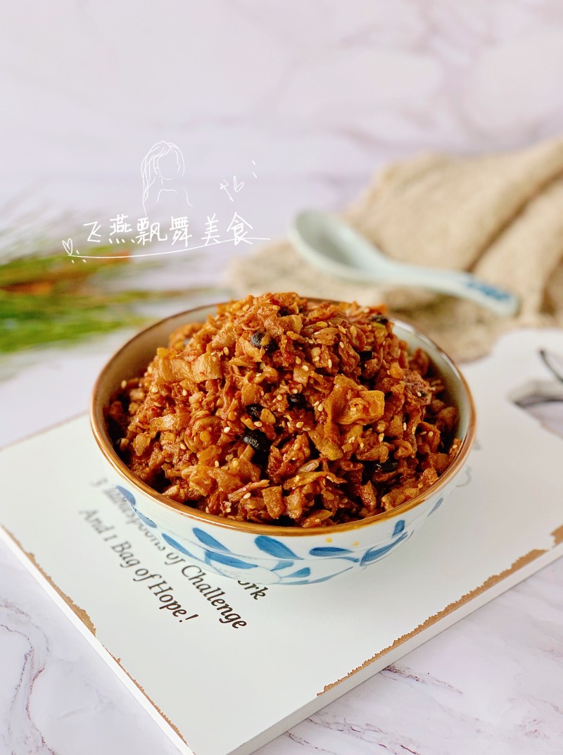 9:所有调味料放入后再次翻炒3分钟左右,萝卜干没有水汽后关火,放入芝麻炒匀,凉透后装入消毒的玻璃瓶中,放冰箱冷藏,一个星期内吃完最佳。
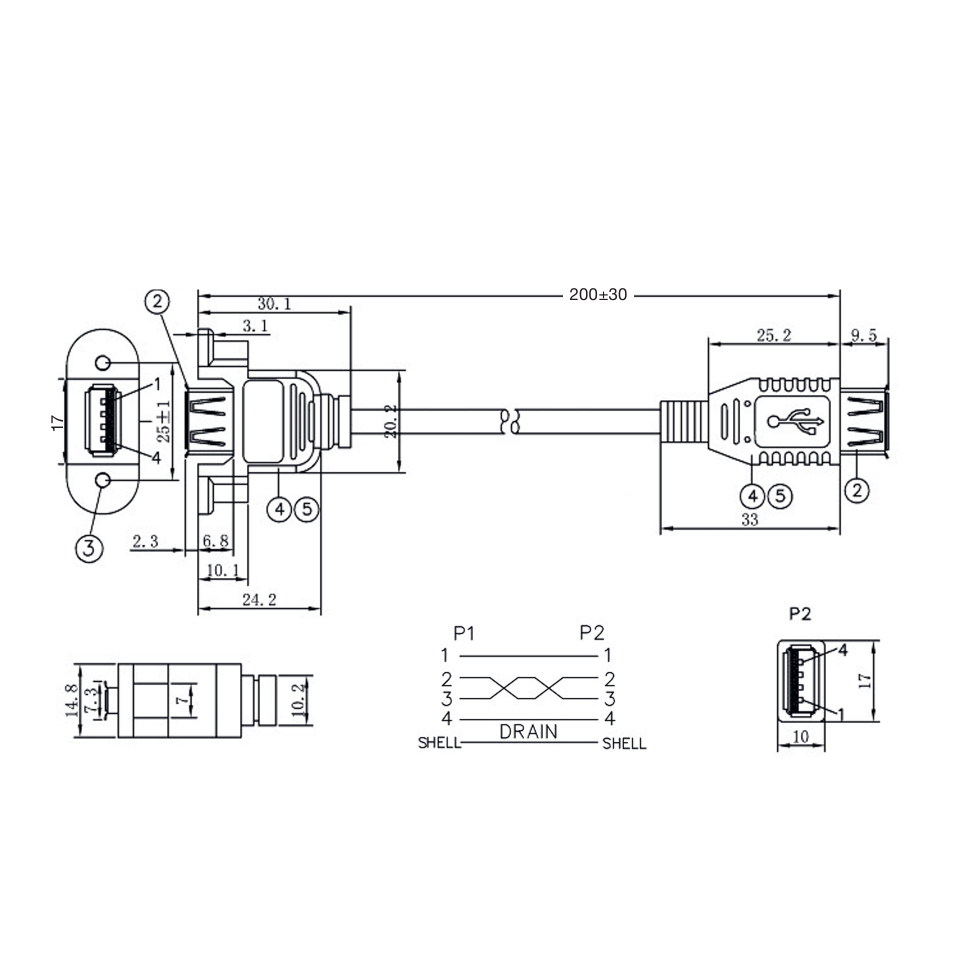 - kurzes USB 2.0 Panel Montagekabel mit anschraubbarer A-Buchse
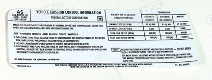 Corvette Decal, Emission L48, 1975
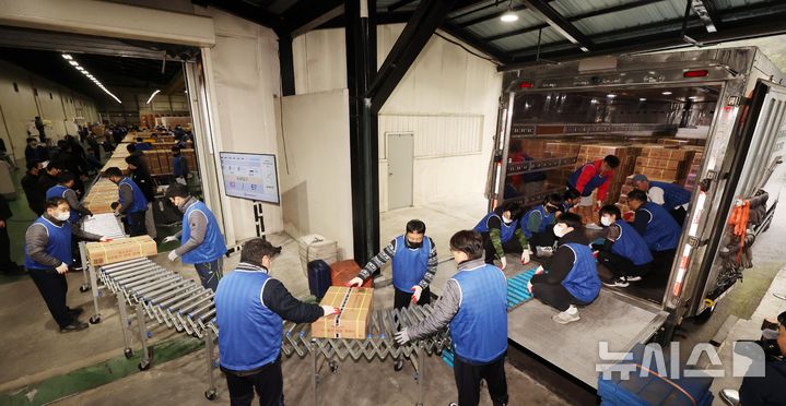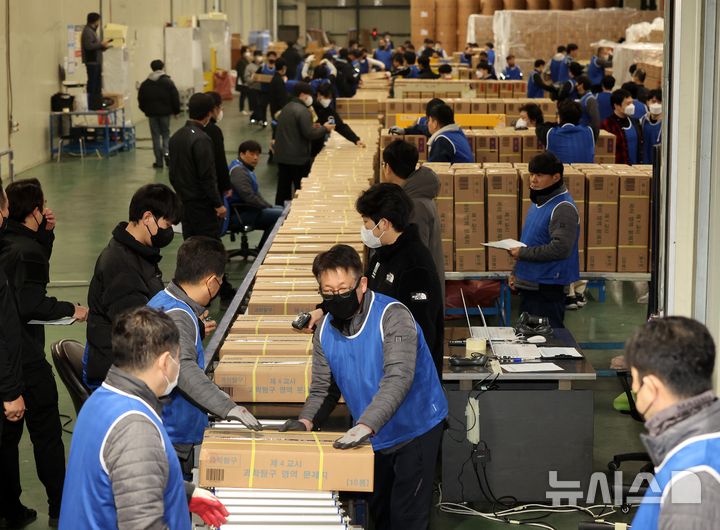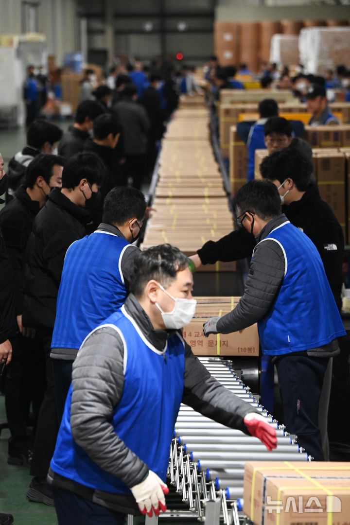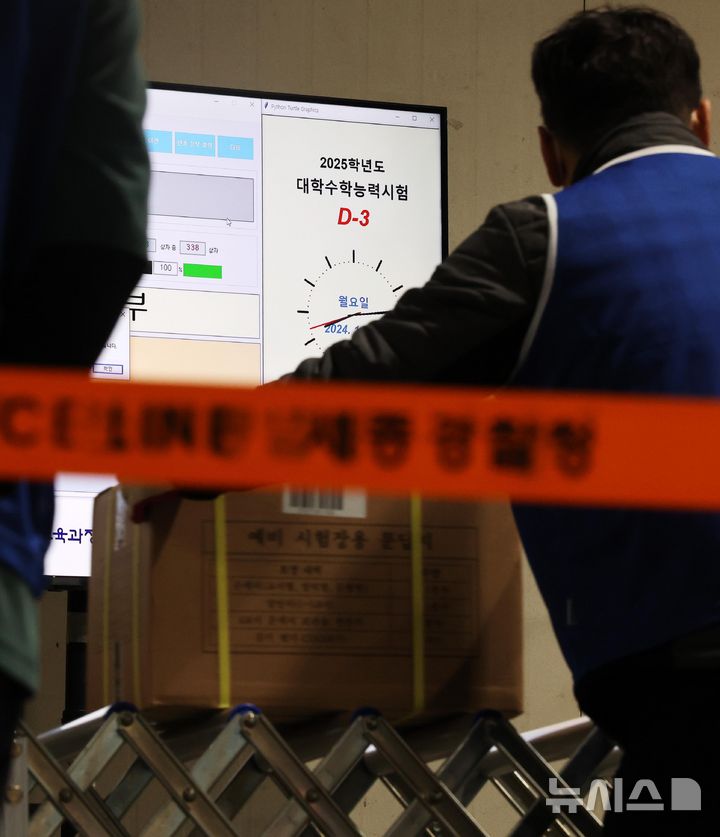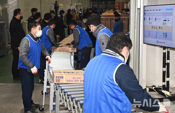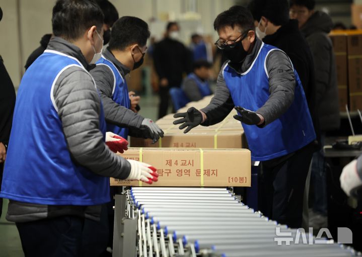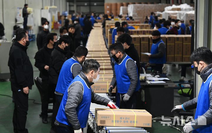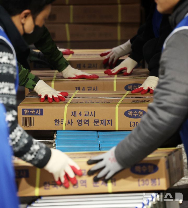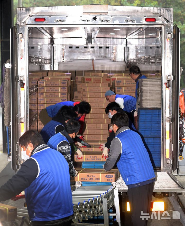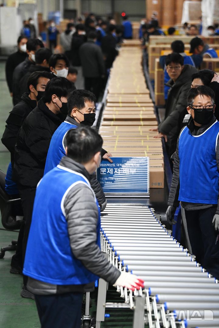 【NEWSIS】2025入学年度の大学修学能力試験(日本の大学入学共通テストに相当)日まであと三日となった11日、世宗市のある印刷工場から韓国全国の試験地区に配送される修学能力試験の問題用紙と解答用紙。写真=共同取材団
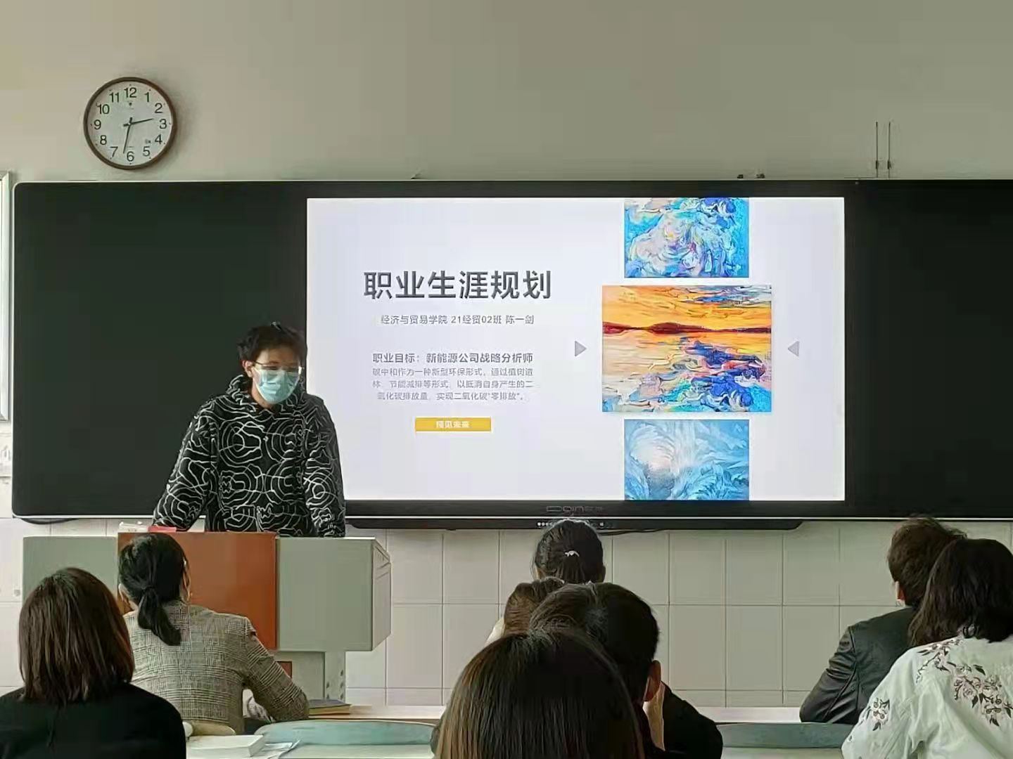 为传播和普及职业规划理念,引导、鼓励大学生树立正确的人生观、价值观、就业观,我院于2021年11月5日下午在B202教室举办职业生涯规划大赛初赛。本次大赛以“逐梦青春·职击未来”为主题,由我院创新创业部承办,张晓嵩老师、苗艳芳老师、张雅琪老师、李福华老师、张欣老师、贾丹丹老师、杨梅老师等出席评委。
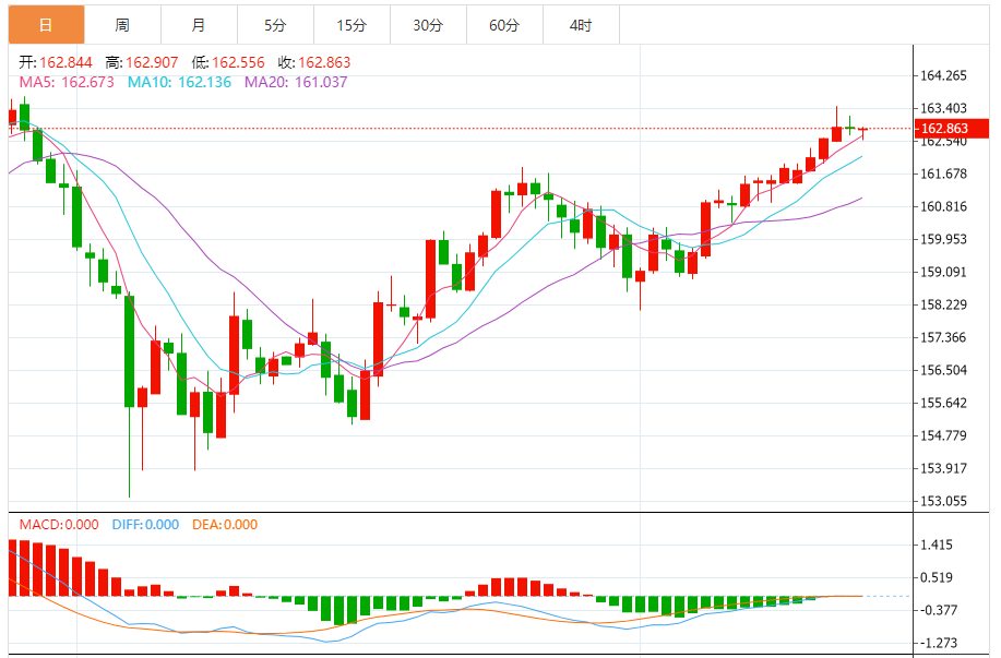 今天的预期交易范围:在162.55和163.20之间

Exercise
All that is needed here is the run of lines from the one containing "为传播和普及职业规划理念,引" through the end of the material above, reproduced exactly and without pictures.

Task answer
 为传播和普及职业规划理念,引导、鼓励大学生树立正确的人生观、价值观、就业观,我院于2021年11月5日下午在B202教室举办职业生涯规划大赛初赛。本次大赛以“逐梦青春·职击未来”为主题,由我院创新创业部承办,张晓嵩老师、苗艳芳老师、张雅琪老师、李福华老师、张欣老师、贾丹丹老师、杨梅老师等出席评委。
 今天的预期交易范围:在162.55和163.20之间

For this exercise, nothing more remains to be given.